Neo-racismos
Já sabemos pela história que quem detém o poder é quem repete as histórias mais vezes e têm acesso aos olhos e ouvidos do mundo. Israel tem sido pioneiro na criação de ficção e na escrita de argumentos para o cinema americano e europeu.
O que podem não saber é que também tem criado filmes sobre a história judaica que passam apenas em circuito fechado nas comunidades judaicas e em Israel. Um desses filmes foi filmado há poucos anos (2019), em vários locais do norte do país, como o mosteiro de Leça do Balio. Soube por fonte direta que foi uma produção muito cara, um filme de época praticamente só com cenas filmadas nos locais (mosteiros e castelos do norte do país), e com inúmeros atores/atrizes e técnicos portugueses.
A possibilidade de contar estas histórias e de construir narrativas, – inspiradas claramente na hegemonia cultural americana alcançada através de Hollywood – é um feito possível na medida exata do poder económico e político no mundo. Com dinheiro e poder é possível influenciar as narrativas e o desenho da história para sermos sempre os vencedores, — ou as vítimas, ou os carrascos (conforme necessário).
Talvez seja útil refletir com base no nosso próprio viés histórico, e sobre como nós portugueses continuamos a ser um mistério aos olhos do mundo: pioneiros da pior faceta da globalização, mas cronicamente empobrecidos até aos dias de hoje. Como nos empenhamos largamente durante o último século a criar e manter a todo o custo uma narrativa épica de direito ao mundo e de exploradores abençoados, adoçada com o luso-tropicalismo que nos iliba dos nossos crimes mais odiosos, qual confissão cristã, e nos converte num povo com uma capacidade humanista de abertura ao outro. Uma teoria do não-racismo que nos continua a escudar da própria palavra, mas nunca da história.
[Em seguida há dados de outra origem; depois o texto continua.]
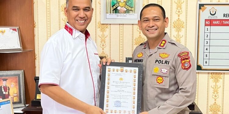 LHOKSEUMAWE – Kapolres Lhokseumawe, AKBP Henki Ismanto melakukan kunjungan silaturahmi dengan Rektor Universitas Malikussaleh (Unimal),
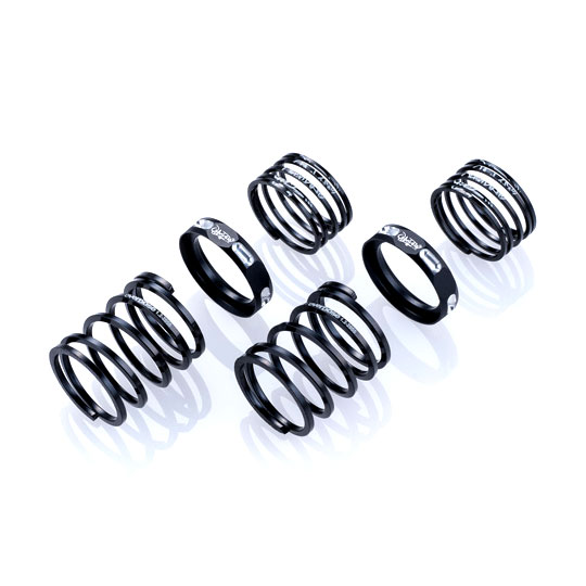 ヘルパースプリングを採用したツインタイプ。メインを自由長20mmとし、ヘルパースプリングにも角断面形状の材料を採用。スプリングシートにも軽量化を施すことでスプリング全体の追従性を向上、特にリヤに使用した際のトラクション性能が向上します。さらにヘルパースプリングが線間密着した時のみに現れるODロゴも拘りの一つです。

Porque sabemos que ela virá um dia por nós, seja numa estátua, numa exposição, num texto, num projeto artístico — a história está à espreita e será revelada incomodamente sempre que nos arrogarmos levantar um pouco o véu sobre o passado. E continuaremos a calar essas vozes incomodas, esse passado que se quer mumificado, para que não fale. Apenas um totem inanimado da ideia de conquista e expansão como uma necessidade absoluta, um fado.